Snape is an expert occlumens, while Dumbledore believes he can usually tell when people are lying. Snape denied he had been eavesdropping and burst into the room where Dumbledore and Trelawney were meeting, evidently expecting it to be his own. How many Death Eaters would have the presence of mind or the nerve to put on such a performance, even if they had the occlumency skills to make it possible? Most of the DE's were terrified of Dumbledore. Even Snape was, when he wasn't acting.
We don't know if Aberforth caught Snape unmistakably with his ear to the door. Snape could have heard him coming and straightened up. In any case, I doubt Dumbledore can modify a memory that's being hidden from him by occlumency, even if he fears that it exists.
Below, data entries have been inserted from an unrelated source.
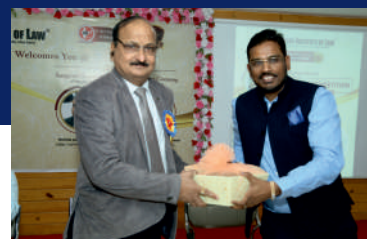
Hon'ble Justice Anil Verma Judge High Court of Madhya Pradesh Smt. Nirmala Devi Bam Memorial Moot Court Competition Date : 21 May 2023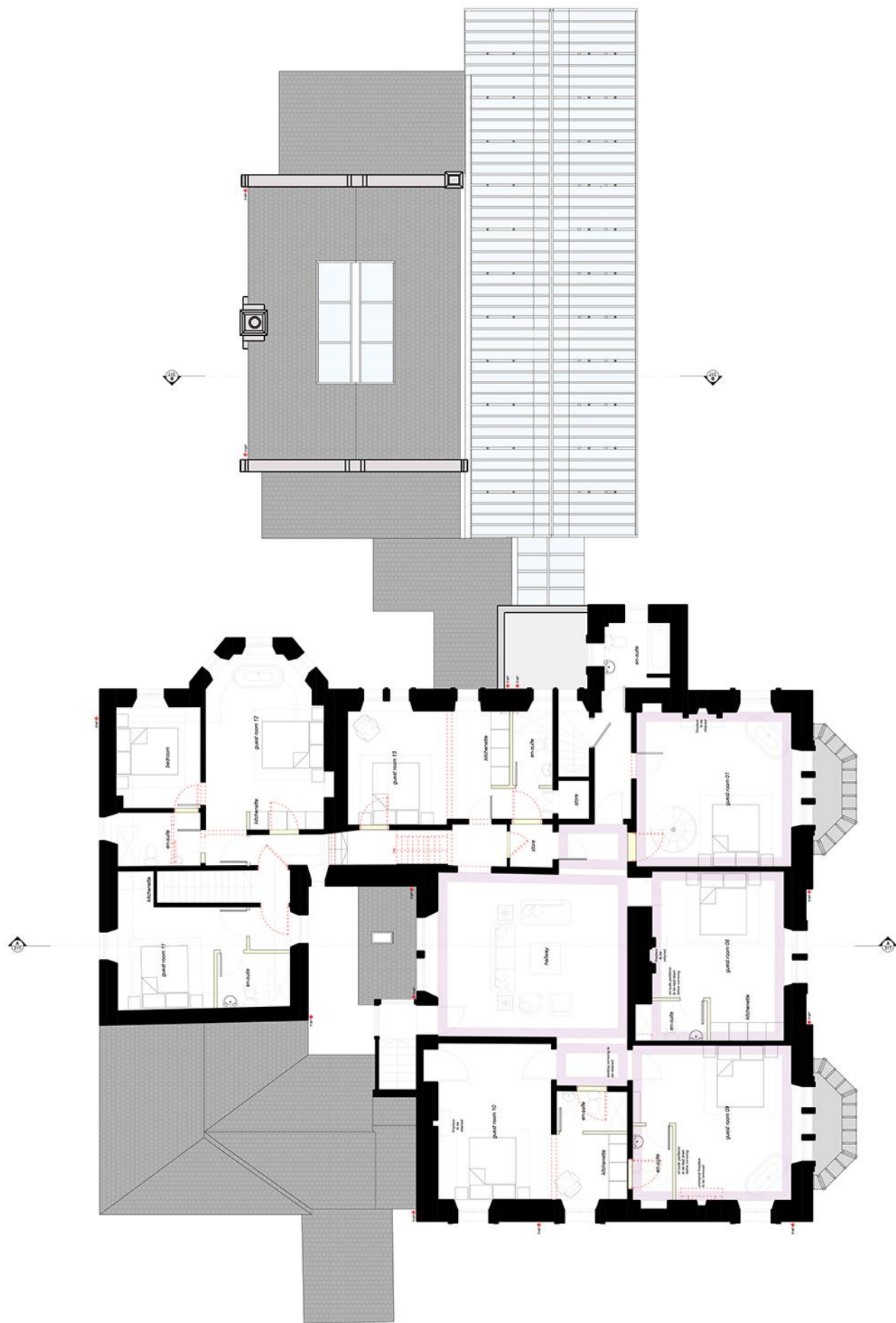
Figure 4 – Proposed First Floor Plan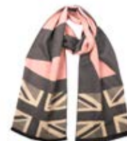
BLUSH UNION JACK SCAR-83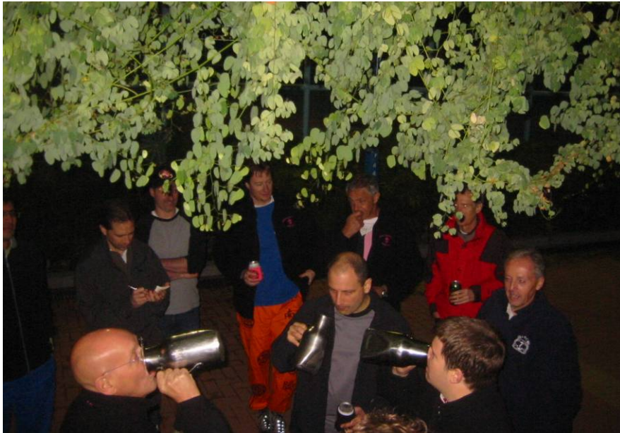
"A real artsy-fartsy picture "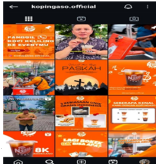
Figure 4. Appearance Instagram Coffee Ngaso

Previous customers had difficulty in finding Information. These results show that design can be a very useful tool in increasing followers and optimizing business processes. for UMKM such as Kopi Ngaso . The following is the final result of the display Instagram coffee ngaso.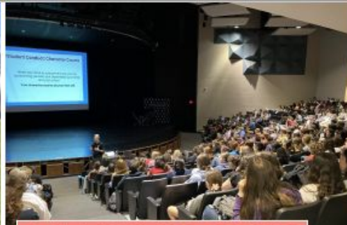
COMMUNITY & CULTURE SCHOOLWIDE KICKOFF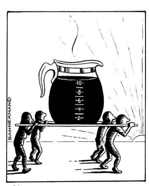
Hi-Ho, Hi-Ho, it's off to work we go.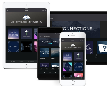
AFLC Youth App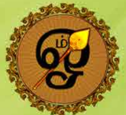
Sri Murugan Hill Temple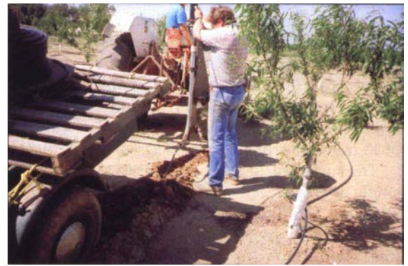
Two configurations of subsurface drip were installed 16 inches deep: a single lateral line, 2 feet from the tree row, and two lateral lines per tree row, each 4 feet from the trees.

Summer weeds grow according to the wetting patterns of the microirrigation patterns. The microsprinklers in the foreground encourage more weeds than the subsurface drip in the back.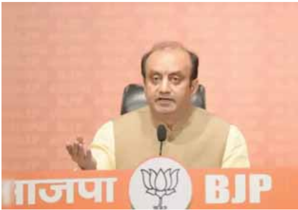
BJP national spokesperson Sudhanshu Trivedi

Lambasting the Congress for "misleading" people with false claims, BJP national spokesperson Sudhanshu Trivedi alleged that the prime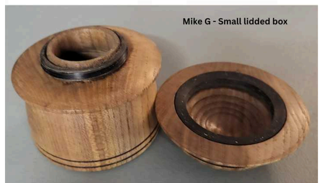
Mike G - Small lidded box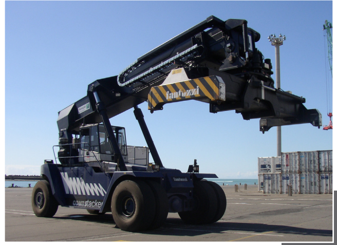
Fantuzzi reach stacker

Designed for fast handling of containers and loads, our two reach stackers are agile and flexible, and fitted with spreaders that can be used to transport project cargo and even small vessels.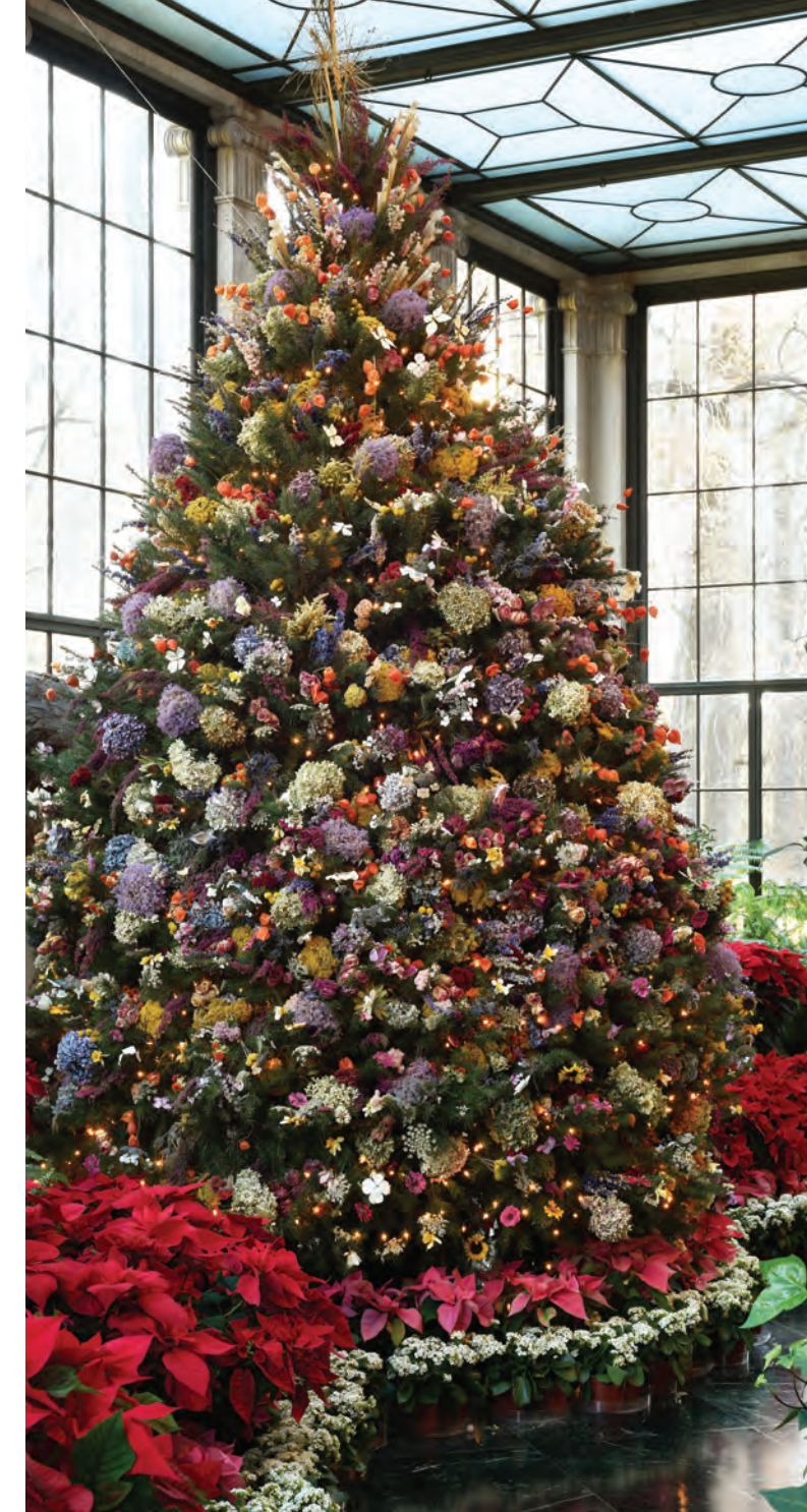
Cover: Winterthur, house and conservatory, from the March Bank. Inside folds, clockwise from top left: Needle’s Eye Folly, Baltimore Drawing Room; Enchanted Woods, John Trumbull, Washington at Verplanck’s Point, 1790. Gift of Henry Francis du Pont. Inside, left: Painting of Henry Francis du Pont by Ellen Emmet Rand, 1914. Bequest of Henry Francis du Pont; inside, center: Latimeria Summerhouse Folly in the Peony Garden, inside, right: Yuletide at Winterthur’s famous dried-flower tree.

“The story of Winterthur tells the greatest story of our time, the story of the American people.”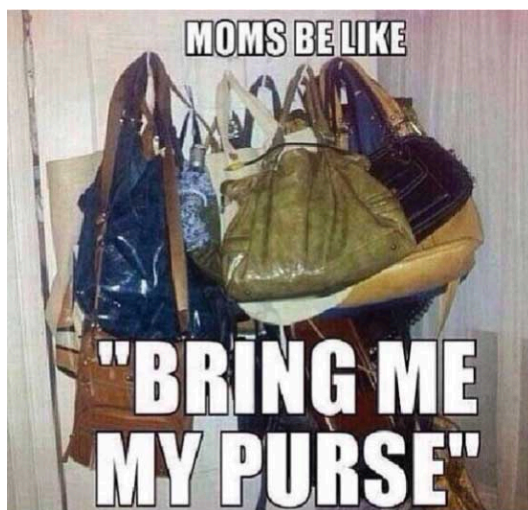
Figure 5. An example of the “be like” meme with mom s as subject NP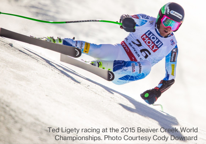
Ted Ligety racing at the 2015 Beaver Creek World Championships.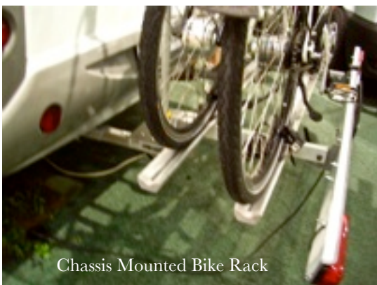
Chassis Mounted Bike Rack

Hobby Pedelec A Hobby electric bicycle (produced by Wondervelo). A touring style bicycle with Aluminium frame and forks, with springing to front forks and seat post, 7 gears, 3 brakes (2 hand brakes, pedal backwards for 3rd). Total weight 25kg. Electric front wheel drive with up to 250 watts of power with a 36v 10ah battery with a charge time of 4 to 6 hours giving an approximate range of 90km. Yours for €1499.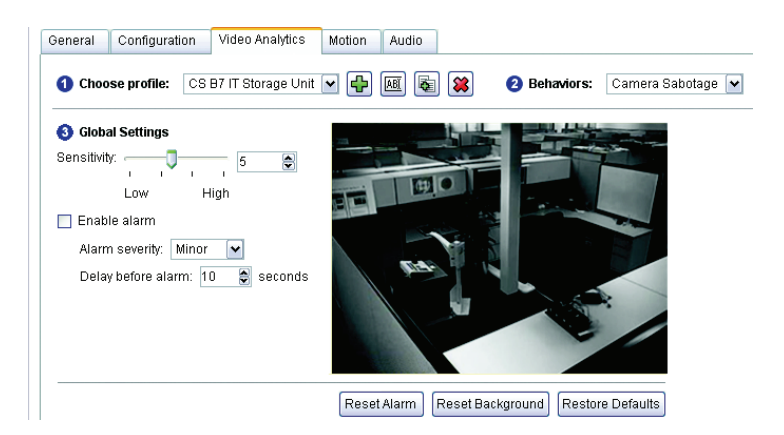
Figure 5. Camera Sabotage Settings

Select Camera Sabotage from the Behaviors list (refer to Figure 4). The Global Settings area of the screen displays the required settings for this behavior.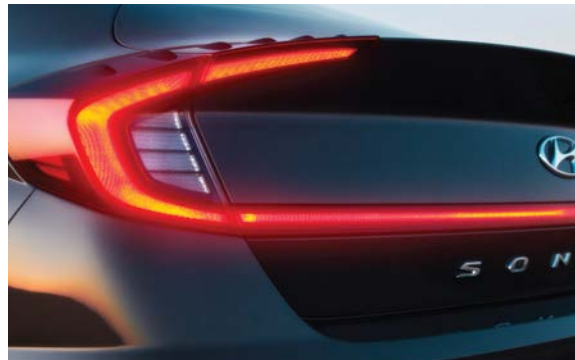
LED rear combination lamps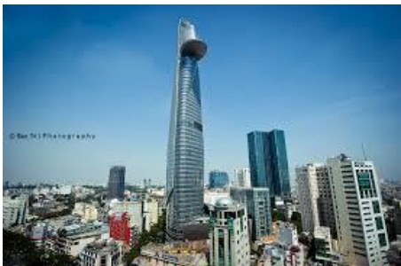
Tradition and culture play a role even as the city skyline changes.

Breakfast at the hotel until 9:00 a.m., followed by city tour, shopping, free time. Tour guide will be available for those with special requests. Optional river cruise available around the port of Saigon. Dinner at 6:30 p.m.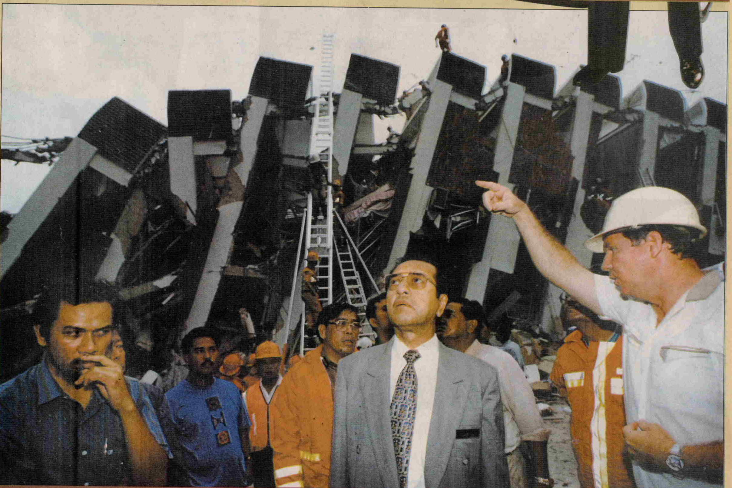
TRAGEDY: Dr Mahathir being briefed at the site of the Highland Tower tragedy on Dec 11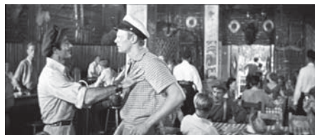
Figure 10.97 Beneath the 12-Mile Reef : The couple rush outside in the distance, but when the fisherman rushes to pursue them down the left aisle, the boy's father halts him in the foreground.

Figure movement in the foreground can be designed to block and reveal faraway niches of action. In Beneath the 12-Mile Reef (1953), sponge fishermen in their local bar are about to fight, but the arrival of the police makes them fake comradeship. To take advantage of it, a young Greek dances out the door with another man's girlfriend, and the drama develops in striking depth (Figures 10.94–10.97). Our vision has to shift from the foreground to a small, out-of-focus background region and then back to the foreground again, in about 3 seconds—and across several feet of screen space, in the original theatrical setting. Putting this sort of demand on the viewer helps energize the experience of long-shot views. King Richard and the Crusaders (1954) shows that as in the 1910s, even a small slot between two players can be activated for dramatic purposes (Figures 10.98–10.102). The technique of wedging story points into the crevices of a dense visual field, all but forgotten today, became reinvigorated in the Scope era.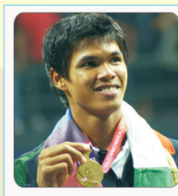
Somdev Devvarman India's First tennis golds medallist in the Commonwealth Games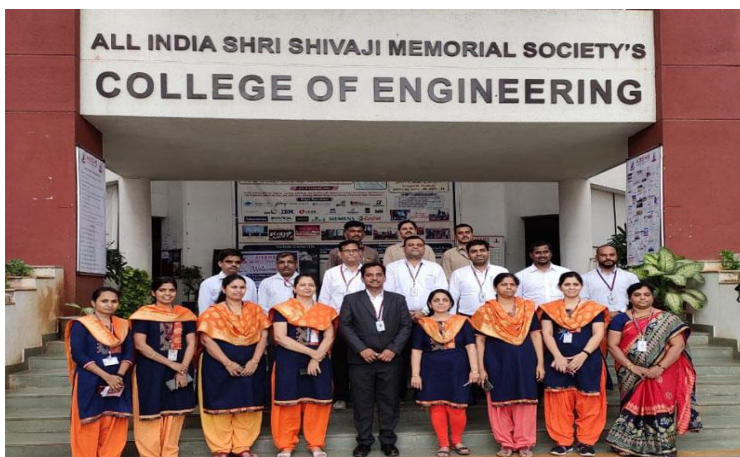
Department Faculty member and Non-teaching Staff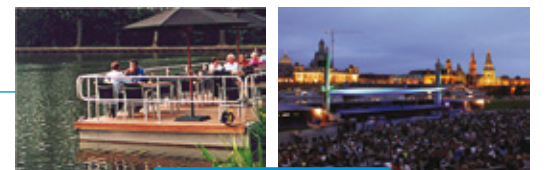
RETHINK - blue voids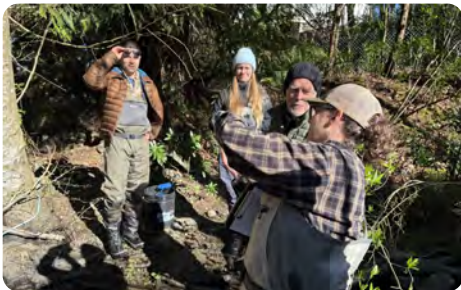
Smolt trap volunteer training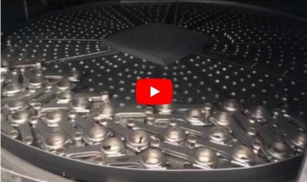
Hurricane factory workshop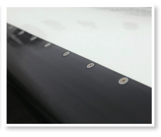
Pneumatic Wing Boots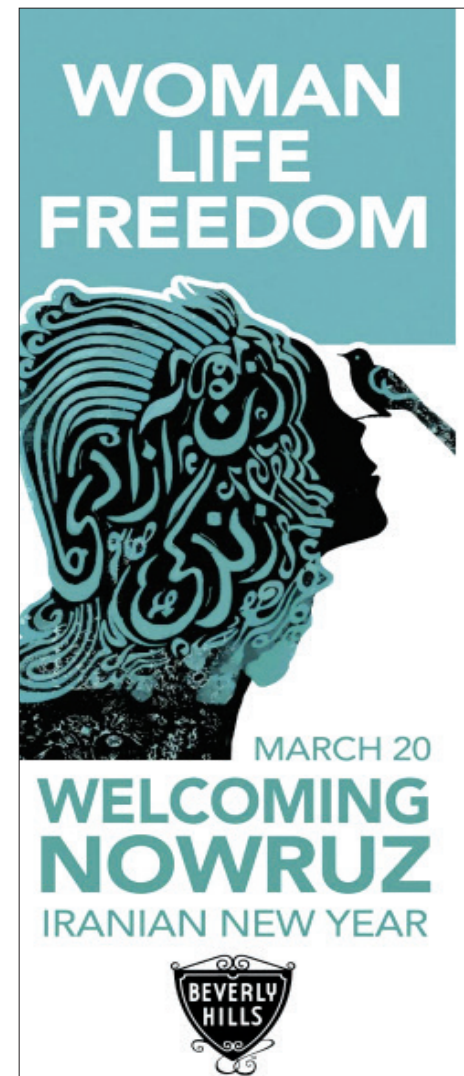
Nowruz Banners From 2023; Date will be updated for 2024

the installation of street pole banners to commemorate the Persian New Year, known as Nowruz (New Day), celebrated this year on March 19, to be placed around the city from March to April 1.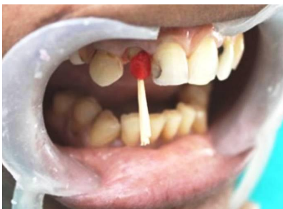
Figure 15: Fabrication of resin pattern.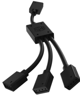
1 to 3 RGB Splitter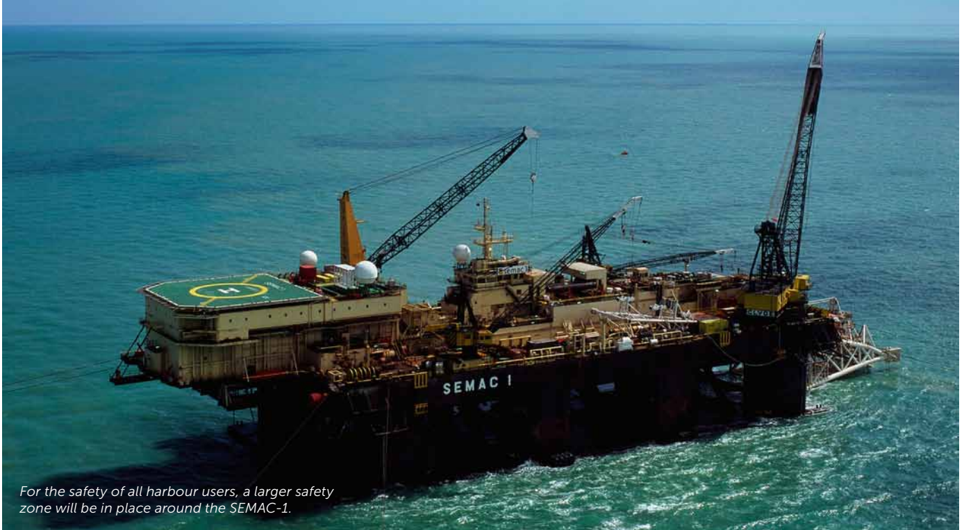
For the safety of all harbour users, a larger safety zone will be in place around the SEMAC-1.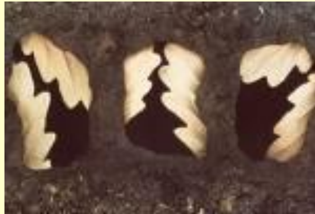
Three stones wrapped in autumn oak leaves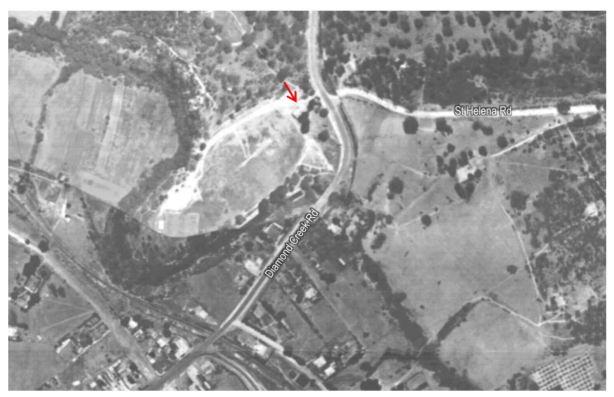
1945 aerial photograph with the subject building identified by the red arrow – note Diamond Creek Road has been re-aligned

The Lobb family lived at the site into the late 1960s.<sup>30</sup> Their presence gave rise to its designation as 'Lobb's Tearooms', although photographs dating from their tenure show the retention of 'Greensborough Park Tearooms' to the front signage panel. Lobb's Tearooms, however, appears to remain favoured locally in references to the place.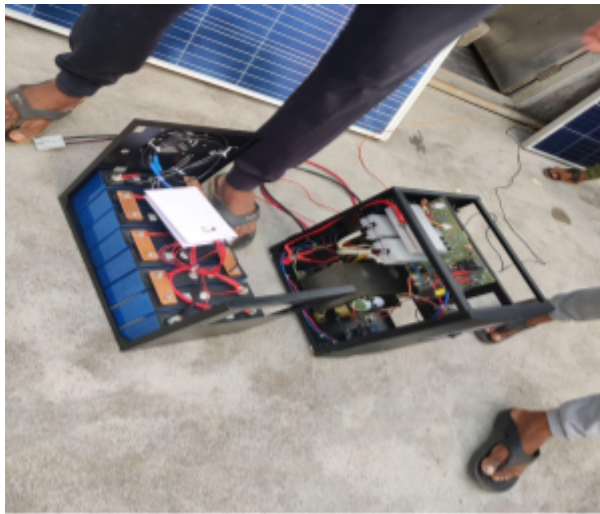
Fig 2.3 LiFepO4 Battery

A 24V 80Ah LiFePO 4 (Lithium Iron Phosphate) battery is a versatile and high-performance energy storage solution commonly used in solar PV systems. With a nominal voltage of 24 volts, this battery is compatible with a range of electrical systems and can effectively store and supply energy. The 80Ah capacity of the LiFePO 4 battery indicates its ability to deliver a continuous current of 80 amps for one hour or a proportionate current over a longer duration.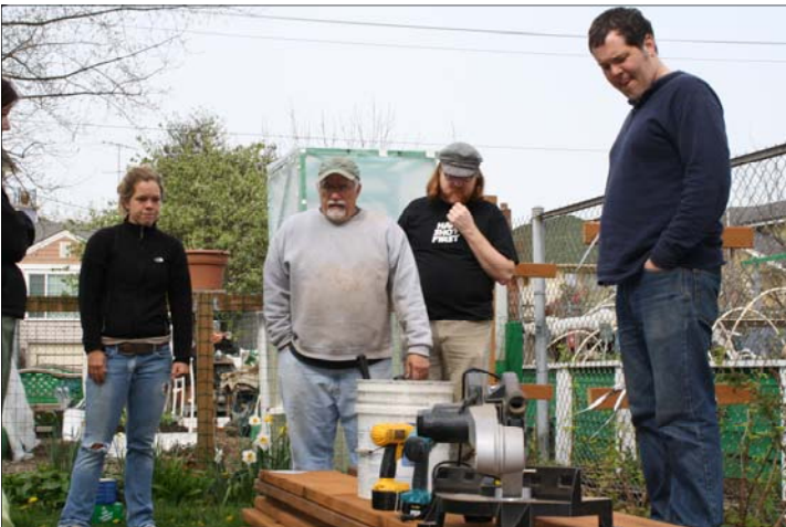
Seattle Works volunteers made progress on several spring projects, including building raised garden boxes for our seniors to use at their homes. Mil gracias!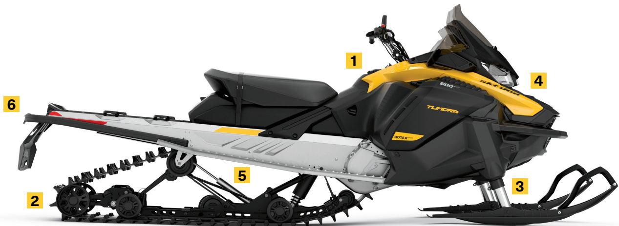
TUNDRA™ LT 600 EFI SHOWN

Industry-exclusive telescopic front suspension enables a large, flat belly pan for exceptional deep-snow flotation.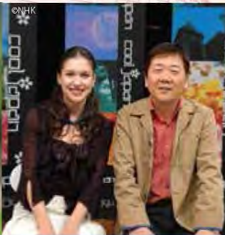
cool japan w/English sub-titles

Dumbledore does not act as if he believes the prophecy, IMO. He acts as if *Voldemort* believes the prophecy, once he has been told that Voldemort knows of it. He appears to take no action on account of it until Snape begs him to protect Lily.
The Potters had other reasons to be in hiding; Voldemort was trying to recruit them. (We can imagine the idea of James's character that Voldemort had if he got his information from Peter and Snape.) That appears to be the reason the Potters were spared three times. Also, of course, if his close friends were dead, Peter's sources of information would dry up.
I don't think it's because Harry was the prophecy boy that Dumbledore made such an extraordinary effort to try to save him. I think it was because Harry was completely innocent and yet had been chosen specifically to be murdered -- he was not an enemy of Voldemort who had chosen to risk all by defying him, nor was he a random victim whose innocence (as regards the state of their souls, not their legal culpability for crimes) could not be determined in advance. I am sure that Dumbledore's obsession with saving innocent lives stems from his guilt over his sister's death, but also I am reminded of the ancient Jewish belief that the world is allowed to exist only for the sake of the innocent among us.